Once I had the program mapped into memory and fixed up, and assigned selectors to every segment, I discovered that all the existing APIs that I had already implemented were meaningless. Even the simple ones like DosWrite() had a different calling convention, and different argument types (most of the APIs that took LONGs took SHORTs in OS/2 1.x, etc).

I had already spent a lot of time on the 16-bit bridge code, though, and previously fearing that the complexity would overwhelm me even before every API needed it, I automated it.

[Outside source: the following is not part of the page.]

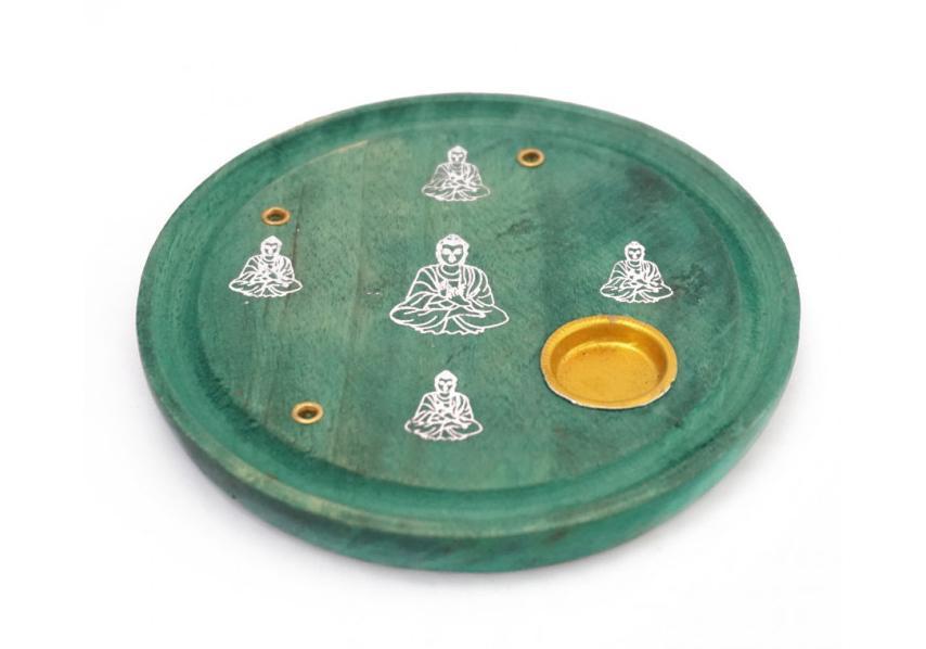 Подставка под благовония Тарелка Будда 10x10x1 см зеленая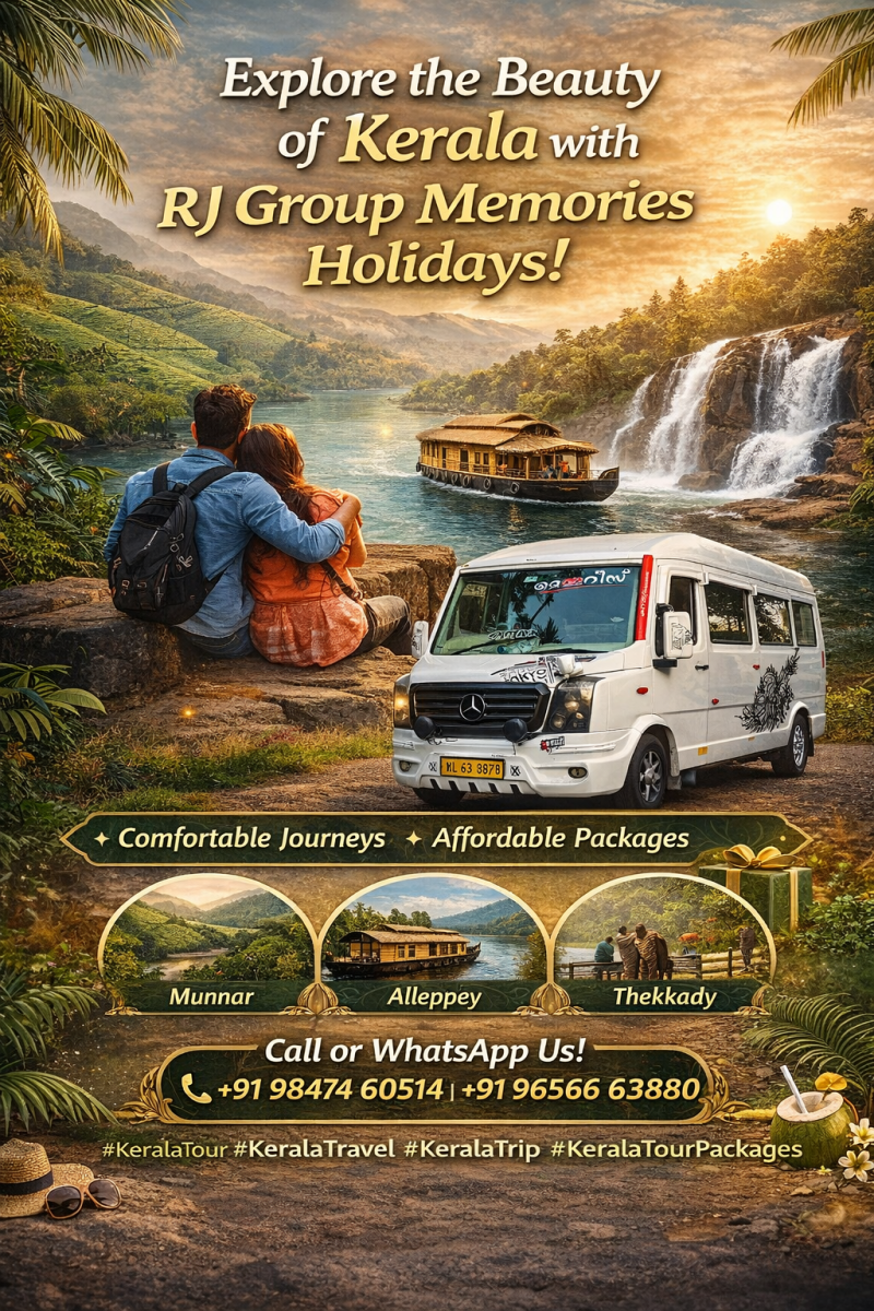 Memories Holidays Kerala Tours was inspired by a passion for travel and a desire to help visitors experience the true beauty of Kerala. Being based in Mala, Thrissur near Cochin International Airport, we often saw travelers arriving in Kerala who needed reliable transportation and guidance to explore the best destinations in the state.

Now adding an API is just a matter of sticking this in a header...

OS2EXPORT APIRET16 OS2API16 DosMyFunction(USHORT arg) OS2APIINFO(12);

...which is a mouthful, sure, but a perl script will parse that and generate all the real macro salsa, like this stuff. So now the 16-bit app calls into a real 32-bit ELF library that converts as appropriate and calls into 32-bit C code, hiding all the magic (and mess) from me; I just write C code with a linear address space for any function and don't care about the memory politics.

This and a script to tell me the libraries and symbols that a given .exe uses made it pretty quick to start filling in the missing bits.

Right now, this is juuuuust enough code to run a Watcom C-compiled program that wants to use printf() and read its command line/environment, like this guy. It can't run Microsoft C 5.1 yet, as neozeed's blog post attempted. It also won't work with 16-bit DLLs yet, since I don't have it calling into the DLL init entry point, but that work is easy enough now.

I'm getting pretty good at diagnosing problems from disassembled binaries from the 1980's with a debugger that barely limps through this stuff and a lot of psychic debugging. This feels like a marketable skill but almost certainly isn't. Like before, this is a good stopping point on the project for now. Back to porting games to Linux!  :)

(The NE loader is in this commit in the increasingly-incorrectly-named lx_loader.c. The next few commits improve it and start filling in 16-bit APIs. More to come at some later time.)